Following a Reviewer referring the matter back to the respondent for further investigation in his decision of 24 February 2005, the respondent sought the opinion of Associate Professor Ed Gane. Dr Gane saw and examined the appellant at the Hepatitis Clinic at Middlemore Hospital and reported to the Medical Misadventure Unit on 17 February 2005, his report stating, inter alia, as follows: 
“There is no doubt that she has primary biliary cirrhosis, although this is at a very early stage. With appropriate therapy (Actigal) she should never progress to cirrhosis or the complications thereof. 
There is clear evidence that she first developed abnormal liver function tests whilst taking Danazol therapy. Certainly this can cause acute hepatitis, but this usually resolves following withdrawal of treatment. It is impossible to prove whether or not this therapy precipitated the onset of primary biliary cirrhosis, which was first diagnosed in this woman in August 2003 following a liver biopsy. Her previous courses of Danazol therapy were between October 1999 and December 2001. The liver function tests in February 1998 were entirely normal, but became abnormal in November 2001. They have only recently normalised since the introduction of Actigal (which improves liver dysfunction no matter what the cause may be). 
In addition, this woman has other auto-immune conditions including limited scleroderma. 
To summarise, certainly her Danazol therapy may have caused abnormal liver function tests between 1999 and 2002 but it is unlikely to cause chronic liver disease or primary biliary cirrhosis or any subsequent auto-immune liver disease. ”
In his attached clinic letter, Professor Gane stated, inter alia, as follows: 
“Charlotte is concerned that her previous Danazol therapy may have resulted in her chronic liver condition, and in her other auto-immune conditions. Although Danazol can certainly cause liver dysfunction during treatment, it seems unlikely that this would precipitate the onset of primary biliary cirrhosis or other auto-immune conditions. ”

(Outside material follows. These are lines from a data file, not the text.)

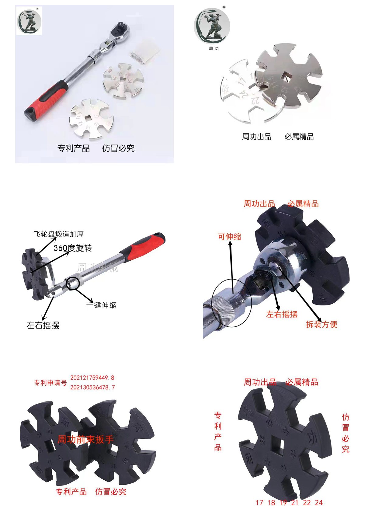 倒鉤槽防滑落、再加360度旋轉(zhuǎn)和90度左右搖擺、不滑落又能用上力,只要一把扳手難拆銹死的前束螺絲就迎刃而解了。
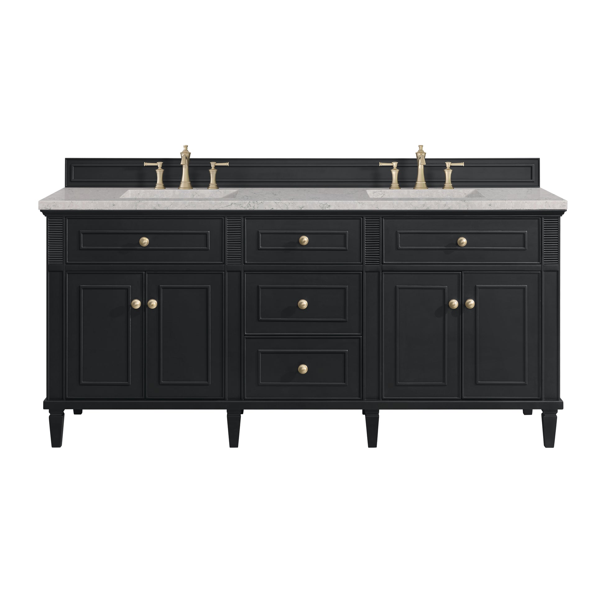 Lorelai 72" Double Vanity, Black Onyx w/ 3 CM Eternal Jasmine Pearl Silestone Top
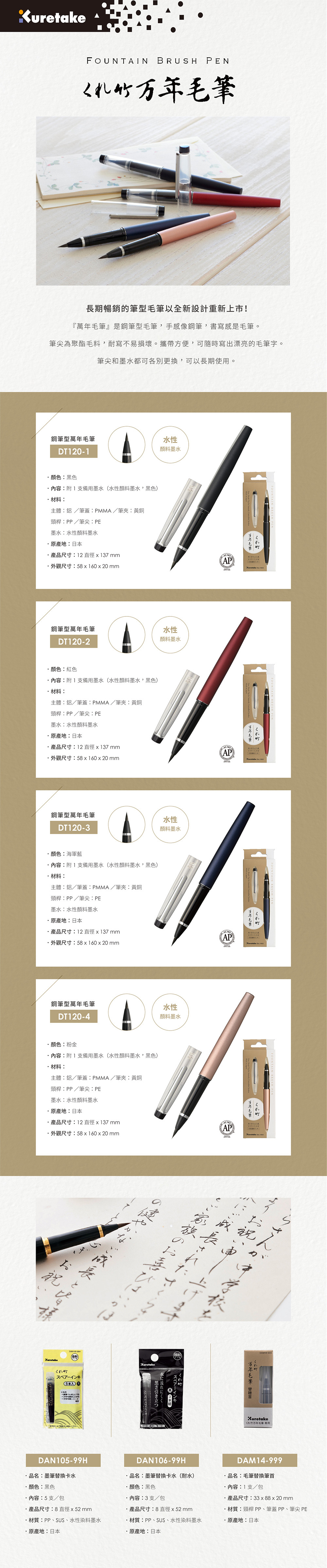 鋼筆型 萬年毛筆 黑色|吳竹 日本
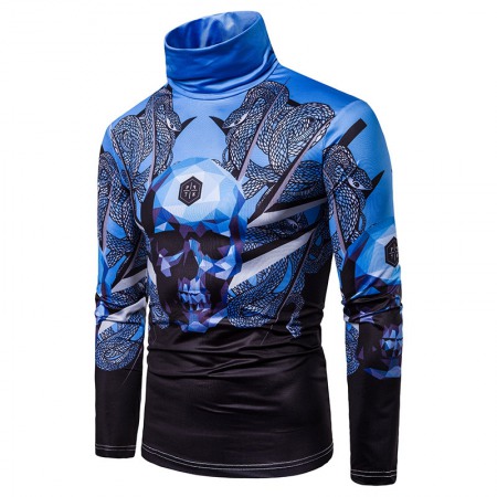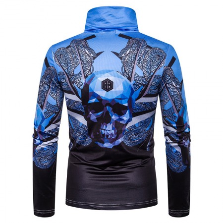 New Men's Large Size 3D Snake Print Skull Print High Neck Long Sleeve T-Shirt Bottoming Shirt

The next specialist requested to provide an independent medical opinion was Professor Carl Burgess. In addition to the passages from his report earlier quoted, he was posed two questions and his answers to same are as follows: 
Has a physical injury occurred as a result of treatment? 
This patient has developed abnormal liver function tests. Whether they relate to danazol or to the biliary cirrhosis is difficult to ascertain. It is highly likely that if they were due to danazol then they would have got better with withdrawal of the drug. There is no reference in the literature to danazol itself causing primary biliary cirrhosis. The biopsy would suggest that this is the most likely diagnosis. However, I was impressed by the fact that the liver function tests were worse in 2001 than they were in 2003 and I would think that it was likely that danazol did play a role in the initial abnormal liver function tests, but I do not believe that it is a cause of primary biliary cirrhosis. 
Does the claim meet the criteria for medical mishap? 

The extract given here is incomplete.